It's like this: the weeks after October 4th, life goes on, although not in quite the same way and not for everybody.

Mitsuru is invited to take part in Student Council, where she finds things not being run to nearly the standards that she adheres herself to. After one highly efficient bloodless coup, student council affairs begin going much more smoothly, and Executive Secretary Takehiko cringes and tries to meld with the corridor whenever they pass each other in the hallway. Akihiko begins coming home later and later, and Mitsuru deliberately doesn't notice his frequent visits to the back alleys and worse of Iwatodai, because those are places completely unsuitable for a a high school freshman, and if she knew that one of her yearmates was hanging around there, she would of course be obligated to put a stop to it.

Throughout it all, they adapt.
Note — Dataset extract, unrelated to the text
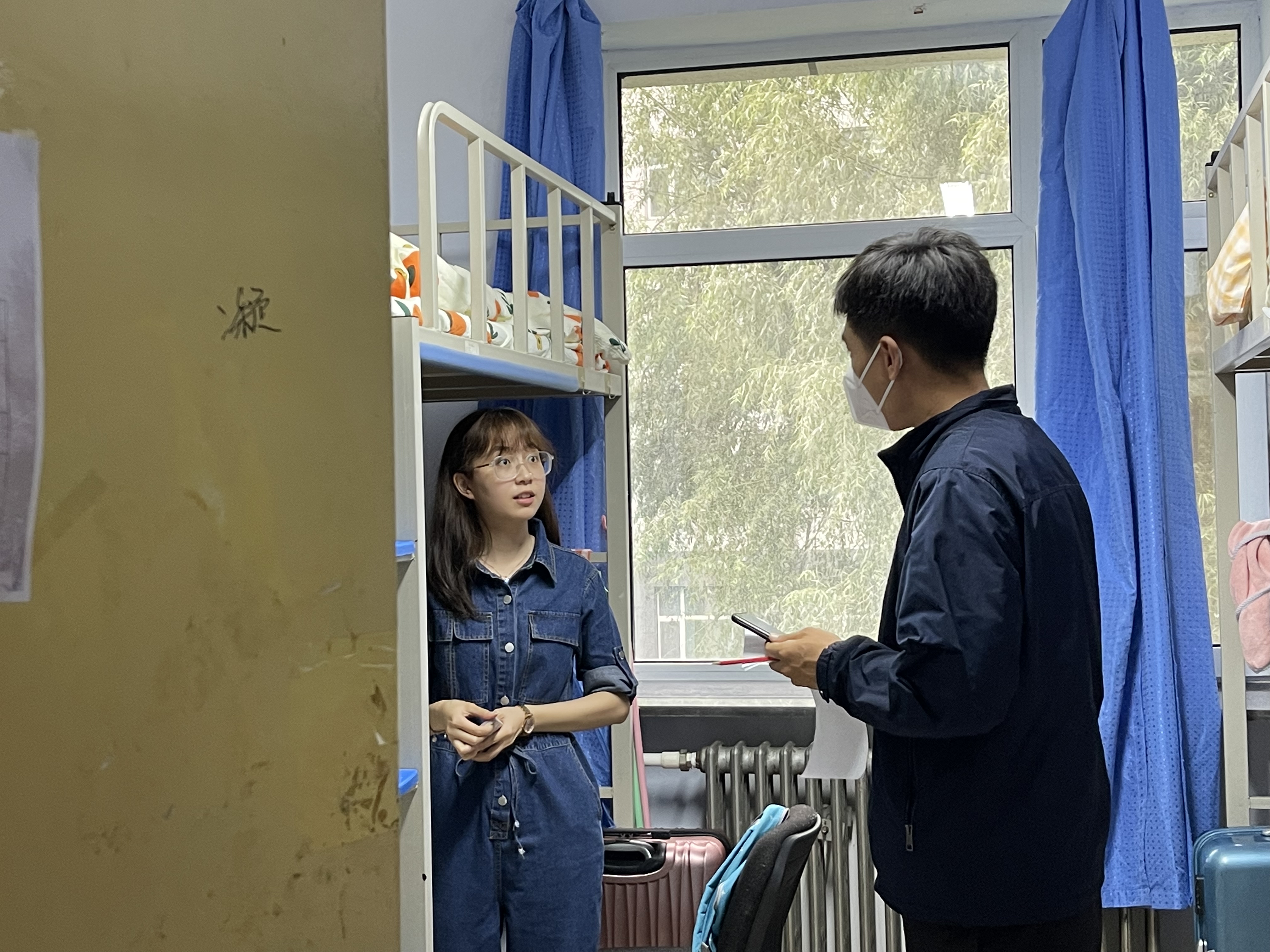 新生基本情况,学院学生工作办公室主任王一涵和年级辅导员楚恒叶、刘宇走访了南三、北二两栋新生学生寝室。

Slowly, shaky: a two-legged tripod.

They're nowhere near ready when they return to duty, forced out by necessity and Akihiko's restlessness, the pent-up nervous energy of a caged dog. They hunt down three shadows on streets paved with coffins and the blank-eyed stares of the Lost; one hides behind a middle-aged salaryman, teasing, until Mitsuru sheathes her foil and Penthesilea drives a spike of ice into its head. Tar-like ichor raining onto his face, he moans wordlessly. He might get better. He might not. What they do feels more like triage than anything else, a band-aid over a punctured artery, Tartarus a constant reminder in the distance.

Mitsuru is fifteen, and she owes the world in blood. They return to the dorm.

A week later, they get ambushed, in a blind spot they still haven't learned to compensate for, by a shadow which looks a little like a clown, an acrobat with limbs which were never meant to bend like that, juggling a torch of fire and a dagger made of ice. The shadows are getting smarter. People lose their minds, but not their potential. By the time they stagger back, it's well into early morning, people as oblivious to two bleeding teenagers, stumbling like drunks through the street, as their coffins were.

Half dragging, half supporting each other, they finally make it past the front door and slide down to the floor, messy, aching, and relieved, casting Dia after Dia on each other until they're dizzy with it. They're sitting close enough for her to feel Akihiko's breath, harsh and steady, but they don't move apart.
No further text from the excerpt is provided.